There were efforts in 2004 to pass marriage equality in the territory and market it as a way to revive St. Croix’s economy. Pastors and senators alike, however, rallied against the idea, a prime example of how the religious climate of the islands hinders wider acceptance even if being gay friendly makes economic sense. But even with the 2015 legalization of same-sex marriage in the territory, the LGBTQ tourism market seems all but tapped.

Vocal government support of the LGBTQ community would surely have implications on the territory’s tourism. Unfortunately, the widely known personal closets of many highly placed elected officials seem to be the largest structural impediment for cultural progress in the Virgin Islands.

While his birthplace was more open during the 1960s, bisexual Virgin Islands’ boxing champion Emile Griffith had a tumultuous time dealing with his sexuality living and training in New York. Today, Griffith, for whom a St. Thomas baseball park is named, is one of the only prominent Virgin Islanders that has spoken openly about his sexuality.

One of the biggest challenges going forward seems to be the lack of community among LGBTQ Virgin Islanders.

“Unlike other places where people come together if someone gets beat up or if there’s a piece of legislation, it’s really hard to get people out of their little, safe neighborhood, house, life, to get them to stand up … they don’t want to be ostracized,” Callahan said.

While this sentiment is felt by many, others offer a more hopeful outlook towards the future.

“I am disappointed [with the status quo], but you know something – it will come.
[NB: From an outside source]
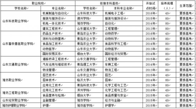 其中,驻潍 8 所" 3+2 "对口贯通分段培养试点高职高专院校参与试点,分别为:山东科技职业学院、山东畜牧兽医职业学院、山东交通职业学院、潍坊职业学院、潍坊工程职业学院、山东经贸职业学院、潍坊护理职业学院、山东信息职业技术学院共计招生 1320 人。

It’s changing organically,” Strong said.

“People fear what they don’t know,” Bonelli explained, “so I do feel I have an obligation to my family and my community and will continue to educate and inspire.”

Many recognize change will not come overnight. But no matter how small and sleepy, the LGBTQ community of the Virgin Islands will persist.

“I always want to believe in hopeful change,” Lili admitted. “Why not?”